Al Morone rincrebbe d'essere stato preceduto, e stette qualche momento sopra pensiero, poi disse al Bibiena:
--Ma che cosa è venuta a far qui costei?
--È presto pensato: per impetrare la grazia a favore del marito.
--Se è presto pensato, non sarà presto creduto, illustrissimo, giacchè se il santo padre aveva interesse per dieci alla morte del Baglione, costei ne deve aver avuto per cento, a dir poco.
--Credo bene che ciò sia; ma intanto ella è qui per il fine che v'ho detto.

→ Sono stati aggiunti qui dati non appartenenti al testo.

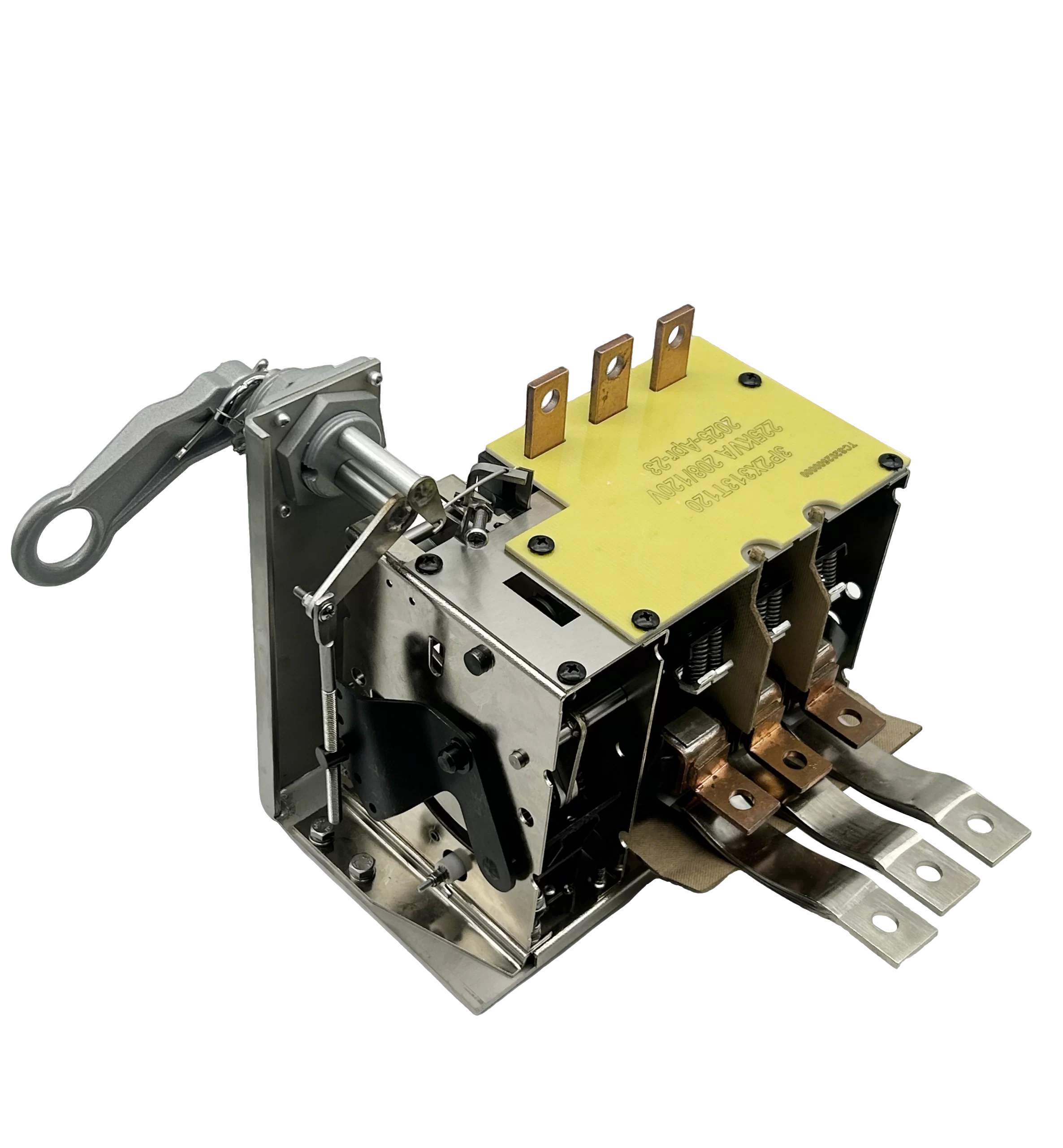 35mm mounting hole three phase circuit breakers, used for three phase 225-300KVA Pole Mounting high performance transformers. CSP oil immersed low voltage circuit breaker is installed on the secondary winding of the transformer,uses oil for insulation and arc extinction to protect electrical systems from faults.
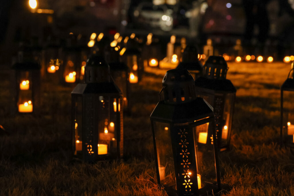 歩道に並ぶ約1000個のランタンが灯り、幻想的な光景が広がります。
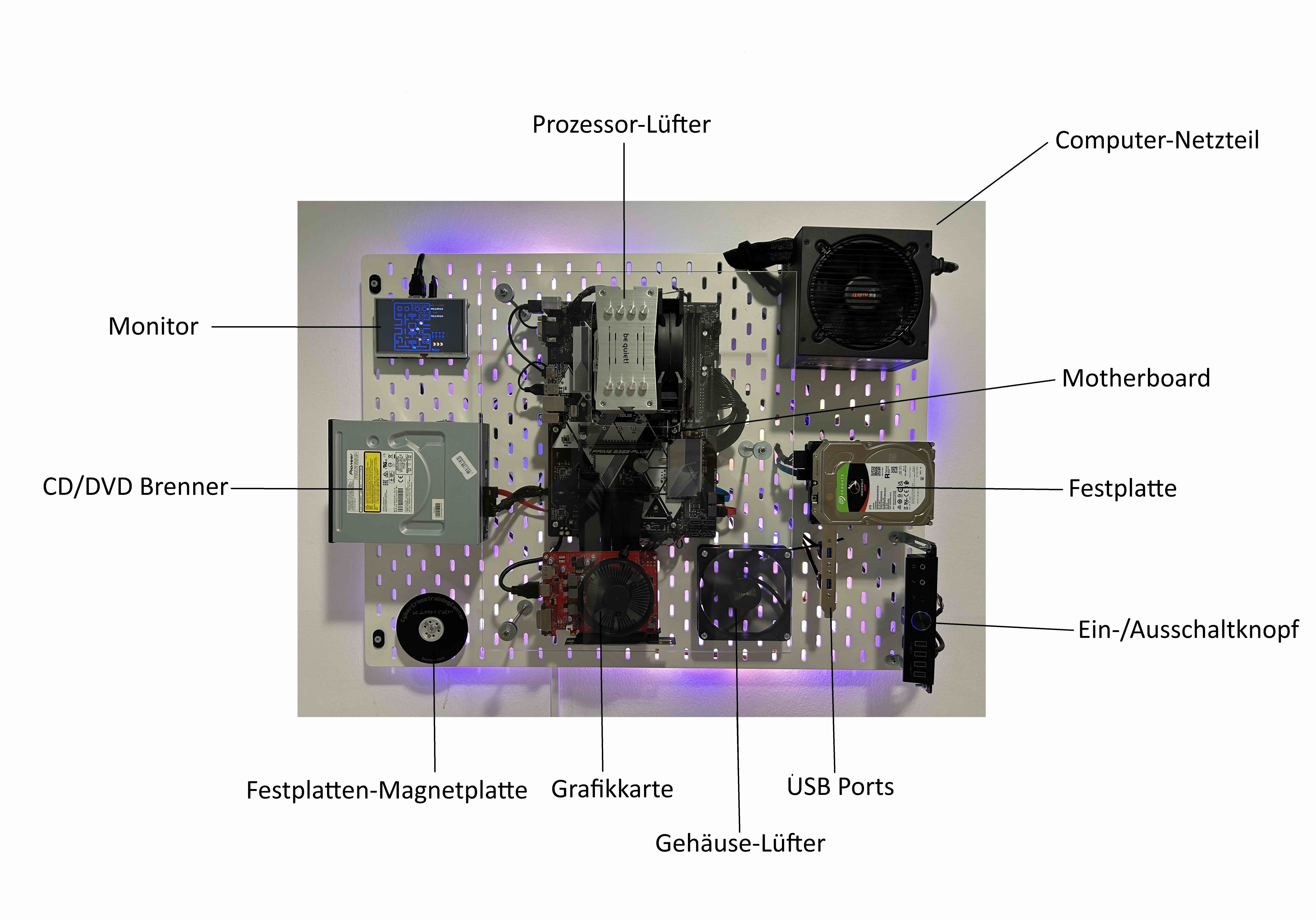 Ein ehemals genutzter Auswerte-PC für digitale Forensik wurde vollständig auseinandergebaut und auf einer Lochplatte montiert. Dadurch sind alle zentralen Komponenten – CPU, Mainboard, Netzteil, Speicher und Grafikkarte – frei sichtbar und nachvollziehbar angeordnet.
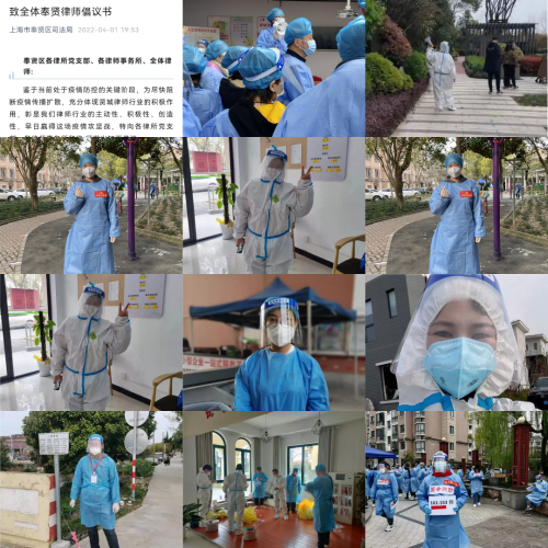 當前,疫情防控進入關鍵階段,時時刻刻牽動人心。為遏制疫情擴散蔓延勢頭,社會各界紛紛投入到疫情防控阻擊戰中,在不同崗位上貢獻著自己的力量。在區司法局黨委的領導下和區律師行業黨委、區律工委的組織發動下,奉賢廣大律師和律所工作人員挺身而出、勇擔重任,投身疫情防控第一線,散發自己的光與熱。除了沖鋒在前、志愿服務,他們還捐款捐物、建言獻策,為抗疫工作提供后方支持,全面展現了法律人的責任與擔當。
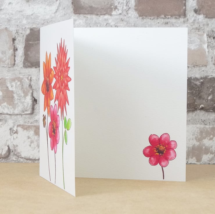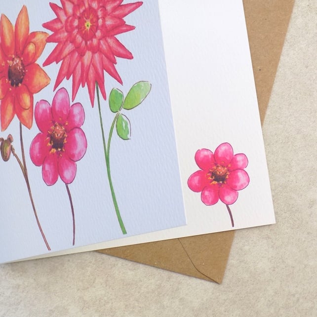 This eco friendly blank card 'Dahlias' has been printed using my original artwork on to 100% recycled felted white 270g card and has been left blank inside for your own special message. This is a lovely card for a Birthday, thank you, get well or any occasion. This eco friendly felted white card has a lovely textured finish.
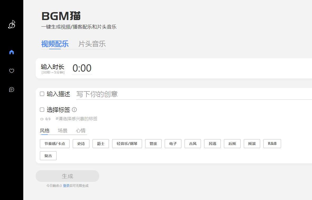4. **生成音乐**:提交信息后,BGM猫将自动生成背景音乐,并提供预览。
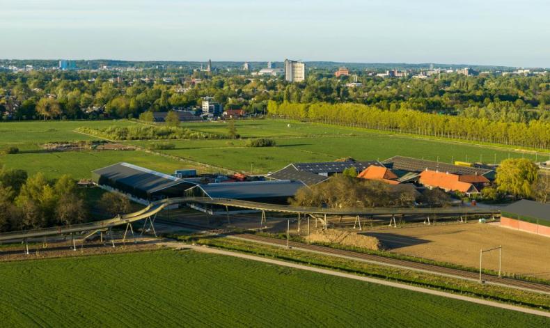 De brug is te gast in het landschap, staat zeker op haar slanke benen en slingert zich behoedzaam tussen de bomen door. De routing van de brug, de slinger over het spoor is enerzijds ingegeven door de toegangen naar de naastgelegen erven te respecteren en een zo efficiënt mogelijke helling te realiseren. Anderzijds is deze ingegeven door het idee een maximale ervaring van het landschap en de plek te realiseren. Door die ene slingerbeweging wordt je je bewust van alle kanten om je heen en beleef je op een nieuwe spannende manier de lange Notenlaan. Een effectieve beweging waarmee er maximaal zicht op het omliggende landschap is en een zo effectief mogelijke verhouding tussen helling en lengte.
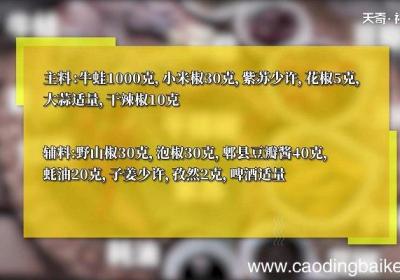 发布时间: 9小时前步骤1所需食材:牛蛙1000克,小米椒30克,紫苏少许,花椒5克,大蒜适量,干辣椒10克 。所需调料:野山椒30克,泡椒30克,郫县豆瓣酱40克,蚝油20克,子姜少许,孜然2克,啤酒适量 。步骤2姜切末 。步骤3小米椒切末 。步骤4泡椒切末...
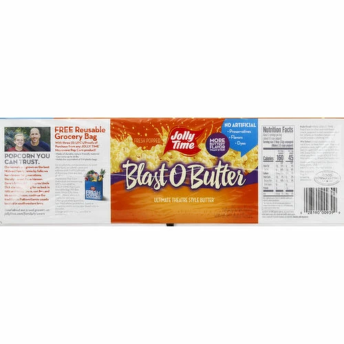 No artificial flavors. Natural butter flavor with other natural flavors. 45 calories per cup. Gluten Free. No Artificial: Preservatives; Dyes. 100% Whole grain. Non GMO kernels. Fresh popped. More buttery flavor than ever! Popcorn You Can Trust: Our kernels are grown on the best Midwest family farms by folks we have known for generations, literally, meet Dave Hansen, Dave’s father Brian, and his Uncle Dick started growing for us back in 1982 and today, Dave, son Ben and his cousin, Mason, continue the tradition in Pottawattamie county located in southwestern Iowa. Read about our proud growers at: jollytime.com/family/growers. Good Housekeeping: Since 1909. Quality tested. Limited warranty. ghseal.com for details. ghseal.com. jollytime.com/family/growers. jollytime.com/promotions. We listen to our customers, and we’d love to hear from you. Pop in at jollytime.com; call 712-239-1232 M-F 8am to 5pm CST or write to PO Box 178, Sioux City, Iowa 51102 to tell us what you think about Jolly Time. We’re listening. Share the family fun! Free Reusable Grocery Bag: With three (3) UPC’s/Proofs of Purchase from any Jolly Time Microwave Pop Corn product! Made of durable, nature friendly material. Can carry up to 22 lbs. Holds the equivalent of 3-4 plastic bags. Go to jollytime.com/promotions to print offer form, or submit name and address with 3 UPC’s/Proofs of Purchase from any box of Jolly Time. Microwave Pop Corn (individual microwave bag UPC’s not valid) to: Jolly Time Pop Corn, Reusable Bag, PO Box 6001, Sioux City, Iowa 51102. Please allow 6-8 weeks for delivery offer good while quantities last. Void where prohibited, taxed or otherwise restricted by law. Good only in the USA. (Design and color may vary due to availability). Fresh Popped goodness. Printed in USA.
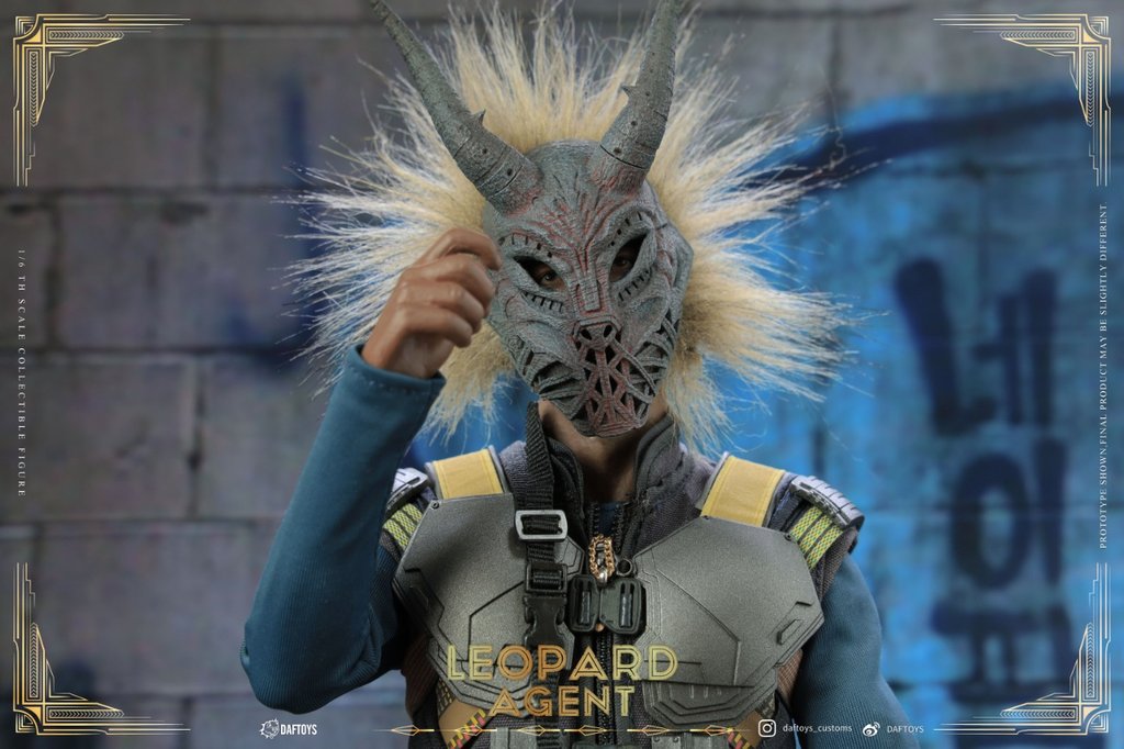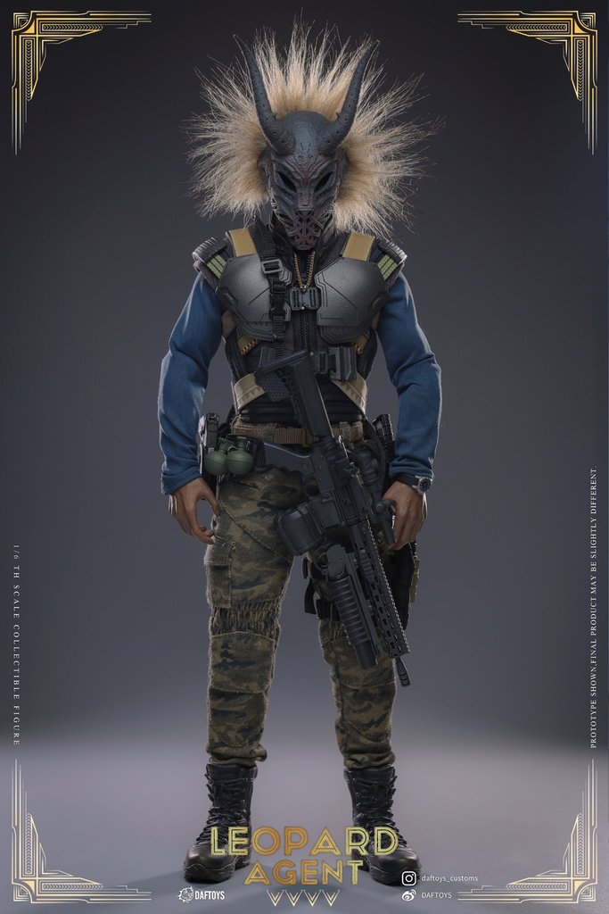 The 1/6th Scale Leopard Agent Collectible Figure features:One (1) head sculptOne (1) articulated bodySix (6) pieces of interchangeable handsOne (1) tactical vestOne (1) pair of tactical pants (including belt)One (1) pair of tactical bootsOne (1) shirtOne (1) tactical watchOne (1) necklaceTwo (2) grenadesOne (1) Pistol (including quick handle)Eight (8) sets of tactical magazinesOne (1) main weapon (including grenade launcher)One (1) daggerOne (1) equipment bagOne (1) totem mask (wearable)One (1) tactical belt (including accessories)One (1) tactical leg holster

Uno squillo di campanello venuto dal gabinetto del pontefice troncò questo dialogo e gli altri che si facevano da tante persone. I camerari di servigio entrarono allora nel gabinetto in fretta. Quando l'usciale fu aperto, facendosi un gran silenzio nell'anticamera, s'udì il suono della voce della Ginevra Bentivoglio, e alcune parole del santo padre. Per udirle meglio facciamo d'entrarvi anche noi.
Seduto accanto ad una tavola, nell'attitudine precisa in cui lo vediamo ritratto nella tela di Rafaello, papa Leone, appena vide spuntare dal vestibolo i due camerari, lor si volse dicendo:
Trasmetterete tosto quest'ordine al cardinale tesoriere.
Nel pronunciare le quali parole, sporse un foglio ad uno di loro due, che al suo cenno uscirono colla prestezza onde v'entrarono.